Zeckhauser gives as an example David Ricardo’s purchase of British government bonds on the eve of the Battle of Waterloo:

David Ricardo made a fortune buying bonds from the British government four days in advance of the Battle of Waterloo. He was not a military analyst, and even if he were, he had no basis to compute the odds of Napoleon’s defeat or victory, or hard-to-identify ambiguous outcomes. Thus, he was investing in the unknown and the unknowable. Still, he knew that competition was thin, that the seller was eager, and that his windfall pounds should Napoleon lose would be worth much more than the pounds he’d lose should Napoleon win. Ricardo knew a good bet when he saw it.

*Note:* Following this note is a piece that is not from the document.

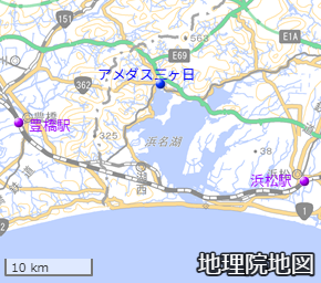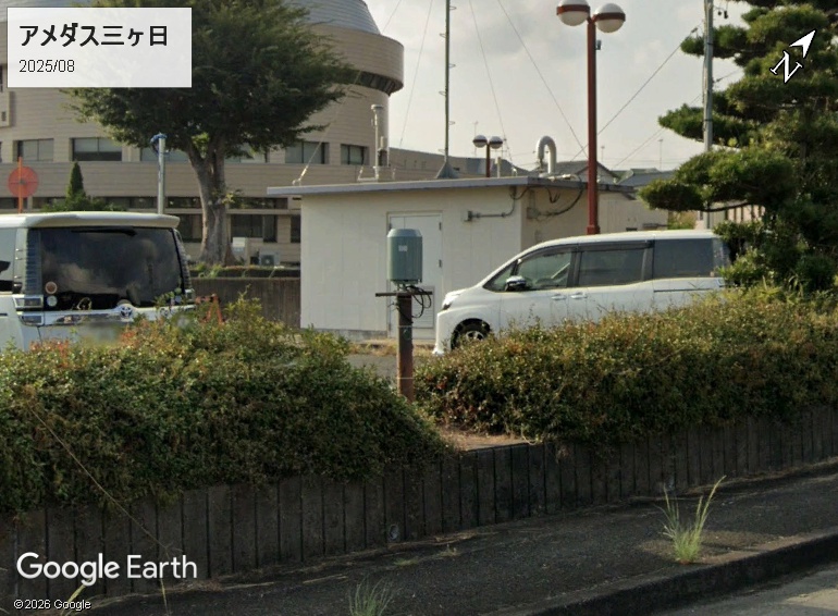 Googleマップで「アメダス三ヶ日」を検索すると、道路(歩道)上にピンが刺さります。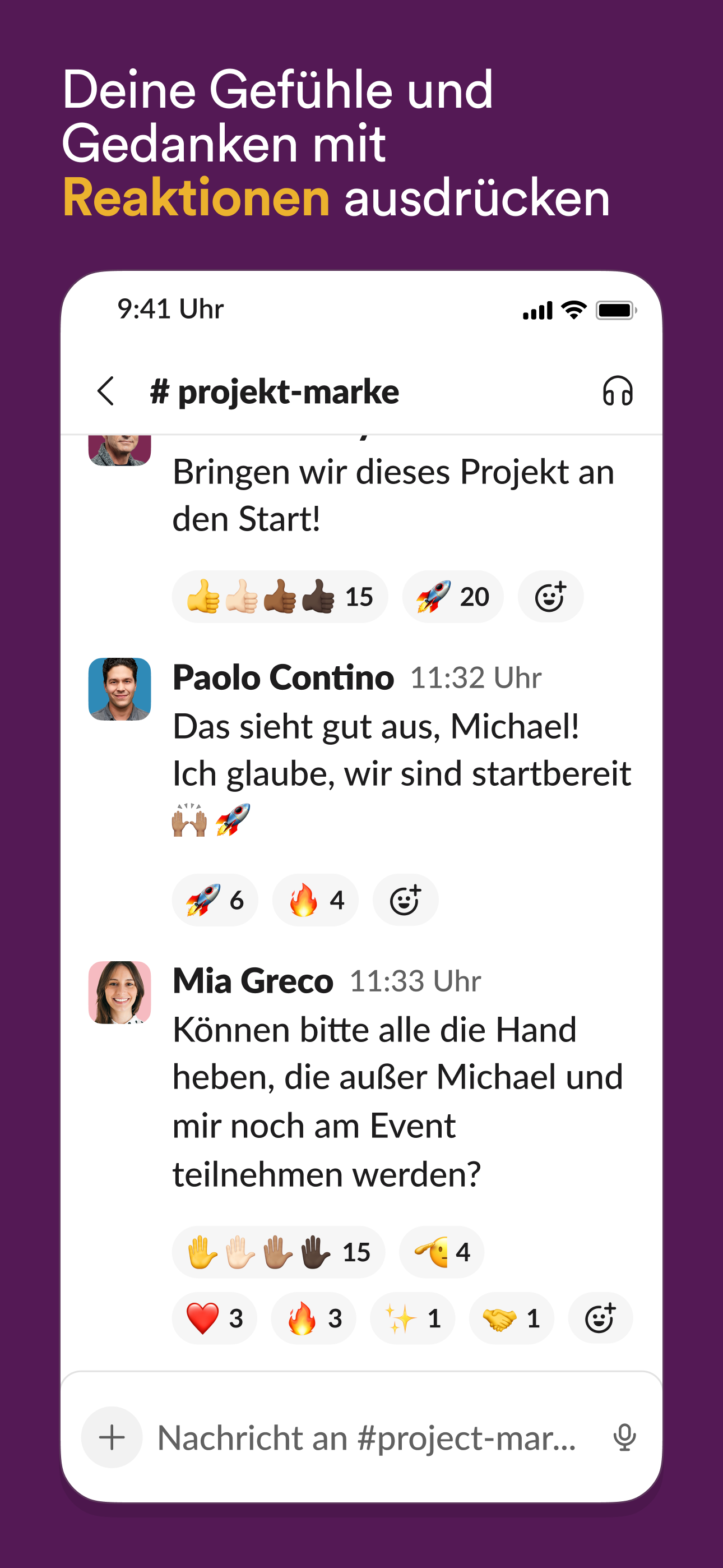 Slack bringt die gesamte Kommunikation und Zusammenarbeit deines Teams an einem einzigen Ort zusammen, damit ihr Arbeit effektiver erledigen könnt, ganz gleich, ob ihr zu einem großen Unternehmen oder zu einer kleinen Firma gehört. Hake deine To-do-Liste ab und treibe deine Projekte voran, indem du die richtigen Leute, Unterhaltungen, Tools und Informationen, die du brauchst, alle in Slack miteinander verbindest. Slack ist auf jedem Gerät verfügbar, damit du jederzeit auf dein Team und deine Arbeit zugreifen kannst, wenn du an deinem Schreibtisch oder unterwegs bist.

The financing of 36 million pounds was floated on the London Stock Exchange. Ricardo took a substantial share. His frequent correspondent Thomas Malthus took 5,000 pounds on Ricardo’s recommendation, but sold out shortly before news of the Waterloo outcome was received. The evidence is clear that Ricardo, in his words, understood the “dismal forebodings” of the situation, including “its consequences, on our [England’s] finances.”

Zeckhauser’s Table 1 below shows the UU world:

UU Table

Zeckhauser says that many great investors, from David Ricardo to Warren Buffett, have made most of their fortunes by betting on “UUU” or unique UU situations:

Ricardo allegedly made 1 million pounds (over $50 million today) – roughly half of his fortune at death – on his Waterloo bonds.5 Buffett has made dozens of equivalent investments. Though he is best known for the Nebraska Furniture Mart and See’s Candies, or for long-term investments in companies like the Washington Post and Coca Cola, insurance has been Berkshire Hathaway’s firehose of wealth over the years. And insurance often requires UUU thinking.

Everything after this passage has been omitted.